Further, “it is well settled that in civil actions [under § 1983] the appointment of counsel should
be allowed only in exceptional cases.” Cook v. Bounds, 518 F.2d 779, 780 (4th Cir. 1975); 28
U.S.C. § 1915(e)(1) (“The court may request an attorney to represent any person unable to afford
counsel.”). However, “[i]f it is apparent . . . that a pro se litigant has a colorable claim but lacks
the capacity to present it, the district court should appoint counsel to assist him.” Gordon v.
Leeke, 574 F.2d 1147, 1153 (4th Cir. 1978). Booker has moved for the appointment of counsel.

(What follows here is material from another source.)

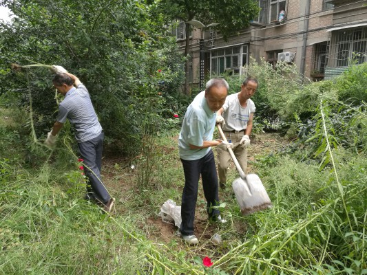 在清理過(guò)程中,不論是年齡大的還是年輕的,都是齊心協(xié)力,互相配合,干勁十足。清理垃圾、修剪樹(shù)木、拔草等各項(xiàng)工作井然有序。雖然中很臟、很苦、很累,但沒(méi)有一個(gè)人抱怨。

However, after de novo review, the court finds that Booker has failed to show exceptional
circumstances or a colorable claim for relief for the reasons set forth in the Report and
Recommendation. Based on the foregoing, Booker cannot proceed on J.J.’s Fourth Amendment
and due process claims.3 These claims are dismissed without prejudice.
2. Absolute Immunity
Booker objects to the magistrate judge’s conclusion that Sullivan and Childs are entitled
to absolute immunity based on alleged material false statements made by Sullivan at the hearing
and contained in the removal petition prepared by Childs. (Objections at 19-21; Compl. ¶¶ 2730, 37.) Booker argues that the alleged misstatements were “non-prosecutorial acts.”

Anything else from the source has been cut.